Intelligentes HeizungsthermostatKennen Sie das Thema „Regelung modernisieren“? Bei den meisten ist dies anscheinend kein Thema. Vorher wird der Kessel erneuert, eine Solaranlage nachgerüstet oder angeblich andere sinnvollere Dinge modernisiert. Wozu denn auch, solange sie funktioniert, die Regelung.

Eine Regelung führt ein Stellsignal aus, das sie sich in Abhängigkeit anderer messbarer Größen immer wieder errechnet.
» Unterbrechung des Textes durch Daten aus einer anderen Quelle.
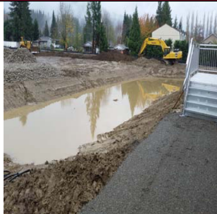
1 of 2 Temporary Storage Ponds Installed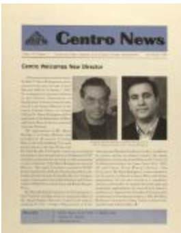
Centro News (RiPe_b25_f09_0023_pg01)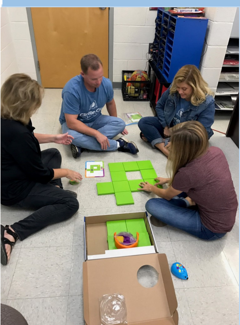
CCS K-2 teachers learning how to code robots on in-service day. One teachers stated, "We actually get paid to do this!"

It's time for the Fall Fire Department Cook-outs! CES & SCES had a great lunch! NCES' cookout will be on October 24. Anyone is welcome to come!

Dabei kommt es in einer Heizungsregelung zu sehr vielen Rechenvorgängen, die elektronisch oder feinmechanisch erfolgen.

In der Regel unterschätzt man den Einfluss einer Regelung auf den Verbrauch, ebenso wie die historische Entwicklung dieser „Heizungskomponente“. Was soll schon eine modernere Regelung zusätzlich können? Jedenfalls gewinnt man gerne diesen Eindruck immer in der aktuellen Betrachtung.

Der Blick in die historische Entwicklung lohnt sich

Anfänglich wurden lediglich Kesseltemperaturen konstant gehalten, nötigenfalls über einen so genannten Sicherheitstemperaturbegrenzer die Wärmeerzeugung sogar abgestellt. Später kamen in der Heizungsregelung weitere Erfassungen hinzu, die dann in einer Folge, die Fachleute sprechen von einer Kaskade, auf die Raumtemperatur eingewirkt haben. So sind seit Jahrzehnten Regelungen auf dem Markt, die Kesseltemperatur, die Vorlauftemperatur, beide zusammen in Abhängigkeit der Außentemperatur regeln. Bei Bedarf von Brauchwasser wird die Kesseltemperatur angehoben und der Heizkreis unterbrochen, damit schnell genug wieder Warmwasser zur Verfügung steht.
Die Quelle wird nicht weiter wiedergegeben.